- Task to complete
The listing must be copied out in full and exactly; no images go with it.

- Data shown
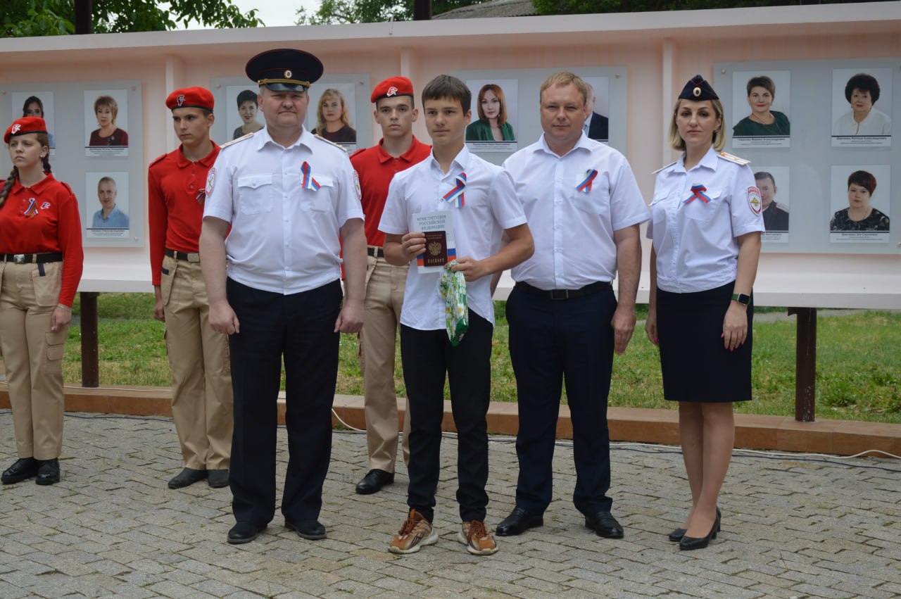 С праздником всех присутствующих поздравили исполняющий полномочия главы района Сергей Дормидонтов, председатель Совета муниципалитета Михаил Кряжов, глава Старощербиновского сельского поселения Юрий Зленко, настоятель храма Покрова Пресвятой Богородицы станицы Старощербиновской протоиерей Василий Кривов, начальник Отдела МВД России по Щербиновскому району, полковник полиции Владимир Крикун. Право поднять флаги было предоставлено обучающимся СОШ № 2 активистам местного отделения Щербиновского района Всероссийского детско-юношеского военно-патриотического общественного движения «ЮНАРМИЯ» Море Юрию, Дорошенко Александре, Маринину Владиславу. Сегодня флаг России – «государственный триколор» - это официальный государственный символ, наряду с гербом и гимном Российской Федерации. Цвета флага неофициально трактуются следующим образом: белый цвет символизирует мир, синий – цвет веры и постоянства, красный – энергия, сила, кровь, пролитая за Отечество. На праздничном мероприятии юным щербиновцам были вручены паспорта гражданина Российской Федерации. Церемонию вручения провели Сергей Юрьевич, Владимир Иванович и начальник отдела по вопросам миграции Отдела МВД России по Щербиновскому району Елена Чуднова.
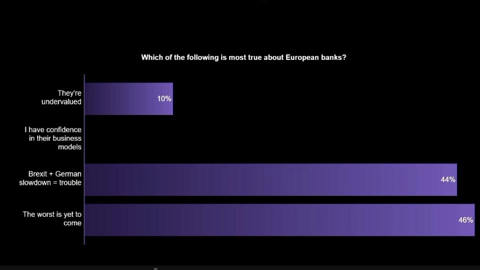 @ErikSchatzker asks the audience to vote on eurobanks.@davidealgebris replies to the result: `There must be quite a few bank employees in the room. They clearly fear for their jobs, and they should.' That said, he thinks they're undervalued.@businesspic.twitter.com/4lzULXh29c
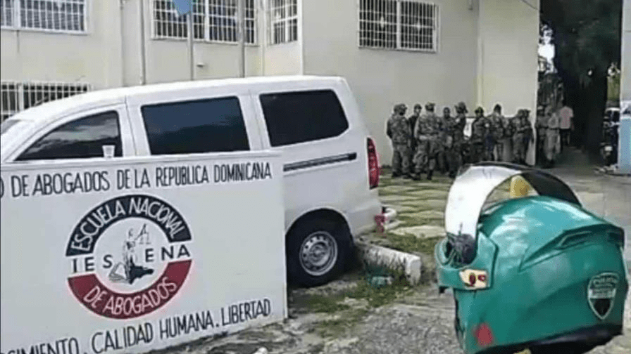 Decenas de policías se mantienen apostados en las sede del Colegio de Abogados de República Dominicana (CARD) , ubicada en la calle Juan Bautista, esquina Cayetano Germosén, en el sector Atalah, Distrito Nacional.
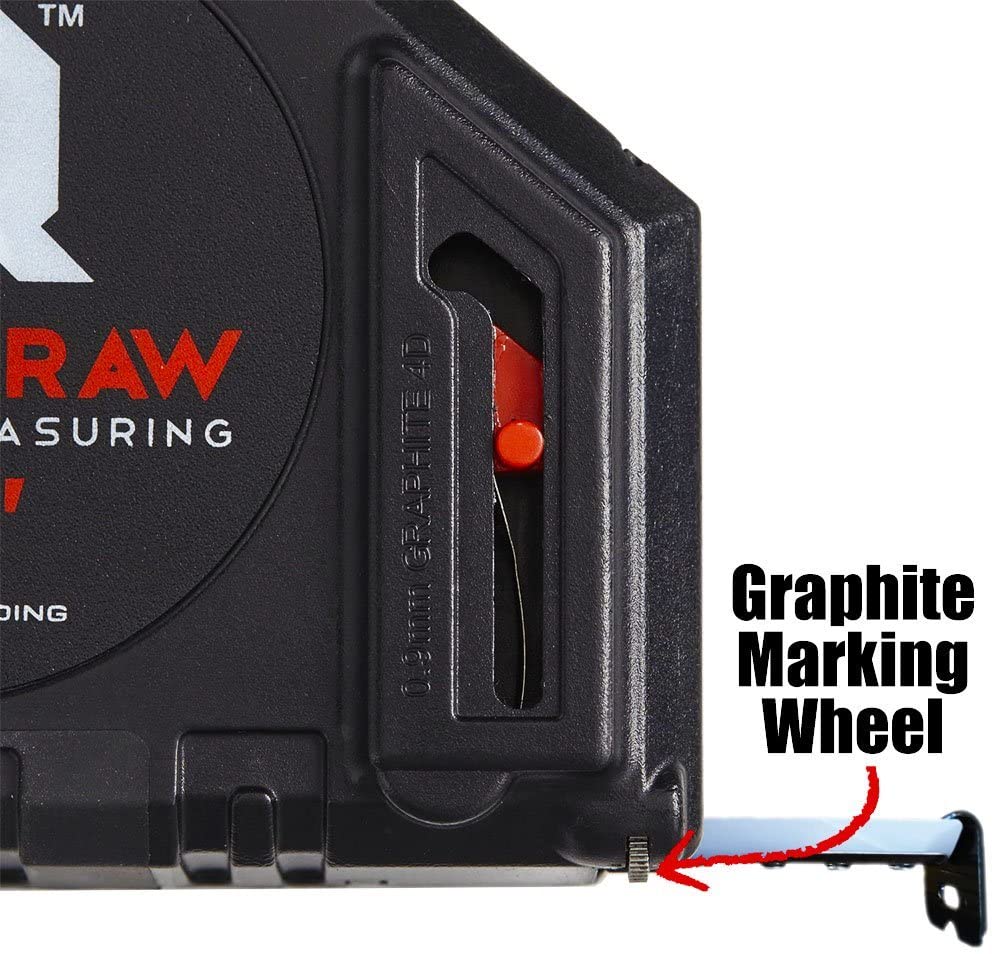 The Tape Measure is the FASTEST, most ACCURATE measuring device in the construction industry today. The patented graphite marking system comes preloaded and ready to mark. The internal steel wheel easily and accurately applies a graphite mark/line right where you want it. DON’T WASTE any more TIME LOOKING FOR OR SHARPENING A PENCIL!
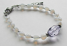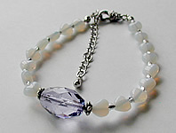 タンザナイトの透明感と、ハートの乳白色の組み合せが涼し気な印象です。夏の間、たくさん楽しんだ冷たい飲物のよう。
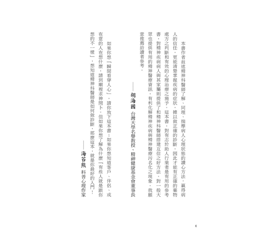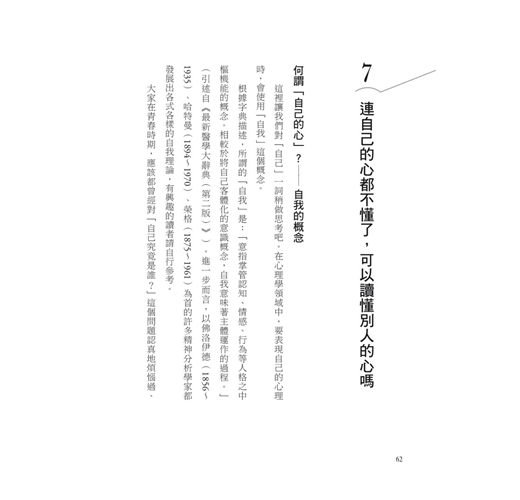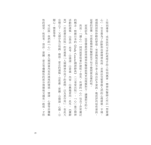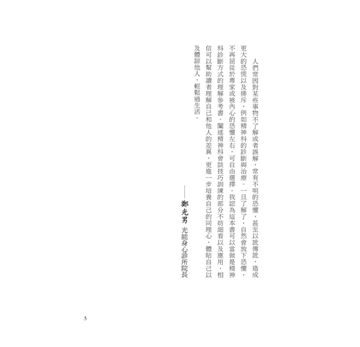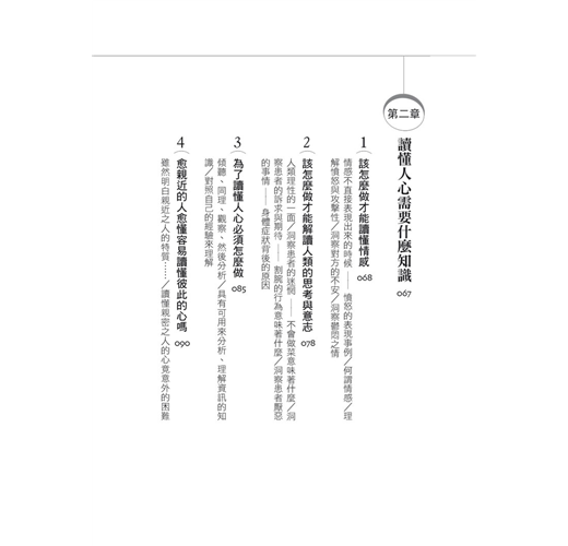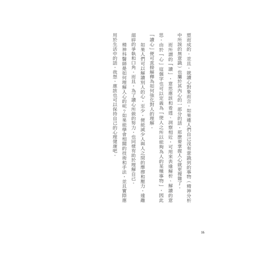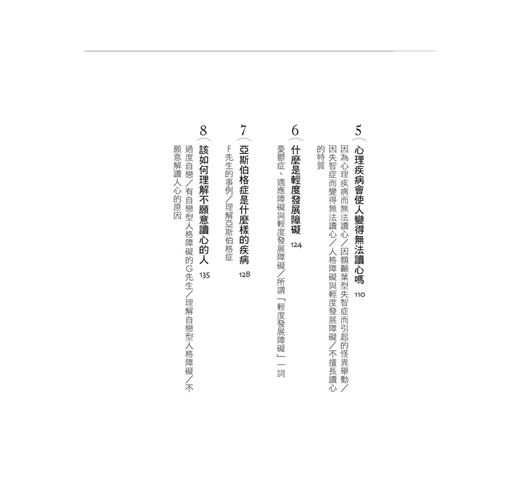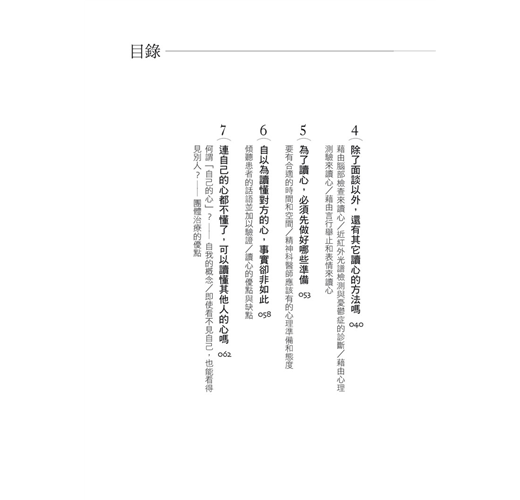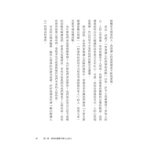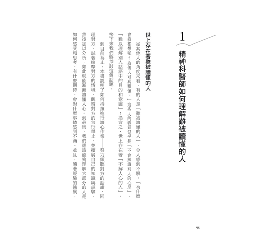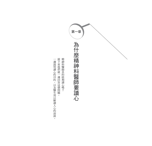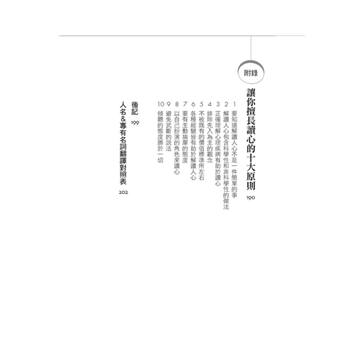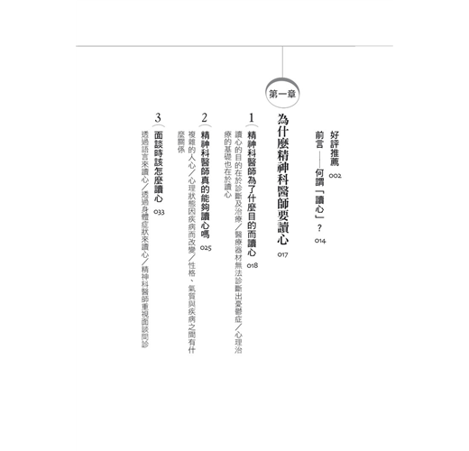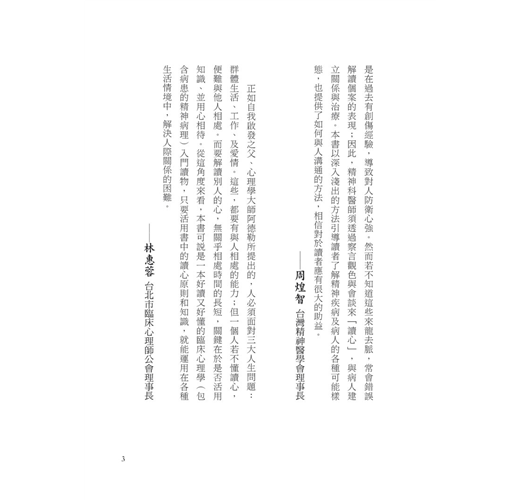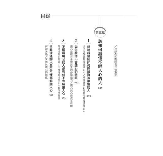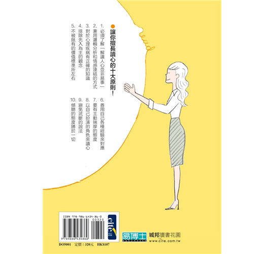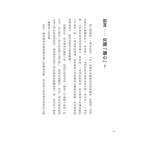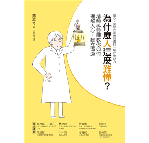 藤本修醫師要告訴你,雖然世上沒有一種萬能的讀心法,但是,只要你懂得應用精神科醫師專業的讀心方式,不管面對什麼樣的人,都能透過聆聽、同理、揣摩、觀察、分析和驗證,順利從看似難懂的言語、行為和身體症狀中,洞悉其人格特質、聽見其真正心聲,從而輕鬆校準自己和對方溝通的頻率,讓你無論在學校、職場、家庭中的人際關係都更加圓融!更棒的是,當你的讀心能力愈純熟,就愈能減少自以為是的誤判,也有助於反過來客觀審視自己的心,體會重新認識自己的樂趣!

- Output of the exercise
 С праздником всех присутствующих поздравили исполняющий полномочия главы района Сергей Дормидонтов, председатель Совета муниципалитета Михаил Кряжов, глава Старощербиновского сельского поселения Юрий Зленко, настоятель храма Покрова Пресвятой Богородицы станицы Старощербиновской протоиерей Василий Кривов, начальник Отдела МВД России по Щербиновскому району, полковник полиции Владимир Крикун. Право поднять флаги было предоставлено обучающимся СОШ № 2 активистам местного отделения Щербиновского района Всероссийского детско-юношеского военно-патриотического общественного движения «ЮНАРМИЯ» Море Юрию, Дорошенко Александре, Маринину Владиславу. Сегодня флаг России – «государственный триколор» - это официальный государственный символ, наряду с гербом и гимном Российской Федерации. Цвета флага неофициально трактуются следующим образом: белый цвет символизирует мир, синий – цвет веры и постоянства, красный – энергия, сила, кровь, пролитая за Отечество. На праздничном мероприятии юным щербиновцам были вручены паспорта гражданина Российской Федерации. Церемонию вручения провели Сергей Юрьевич, Владимир Иванович и начальник отдела по вопросам миграции Отдела МВД России по Щербиновскому району Елена Чуднова.
 @ErikSchatzker asks the audience to vote on eurobanks.@davidealgebris replies to the result: `There must be quite a few bank employees in the room. They clearly fear for their jobs, and they should.' That said, he thinks they're undervalued.@businesspic.twitter.com/4lzULXh29c
 Decenas de policías se mantienen apostados en las sede del Colegio de Abogados de República Dominicana (CARD) , ubicada en la calle Juan Bautista, esquina Cayetano Germosén, en el sector Atalah, Distrito Nacional.
 The Tape Measure is the FASTEST, most ACCURATE measuring device in the construction industry today. The patented graphite marking system comes preloaded and ready to mark. The internal steel wheel easily and accurately applies a graphite mark/line right where you want it. DON’T WASTE any more TIME LOOKING FOR OR SHARPENING A PENCIL!
 タンザナイトの透明感と、ハートの乳白色の組み合せが涼し気な印象です。夏の間、たくさん楽しんだ冷たい飲物のよう。
 藤本修醫師要告訴你,雖然世上沒有一種萬能的讀心法,但是,只要你懂得應用精神科醫師專業的讀心方式,不管面對什麼樣的人,都能透過聆聽、同理、揣摩、觀察、分析和驗證,順利從看似難懂的言語、行為和身體症狀中,洞悉其人格特質、聽見其真正心聲,從而輕鬆校準自己和對方溝通的頻率,讓你無論在學校、職場、家庭中的人際關係都更加圓融!更棒的是,當你的讀心能力愈純熟,就愈能減少自以為是的誤判,也有助於反過來客觀審視自己的心,體會重新認識自己的樂趣!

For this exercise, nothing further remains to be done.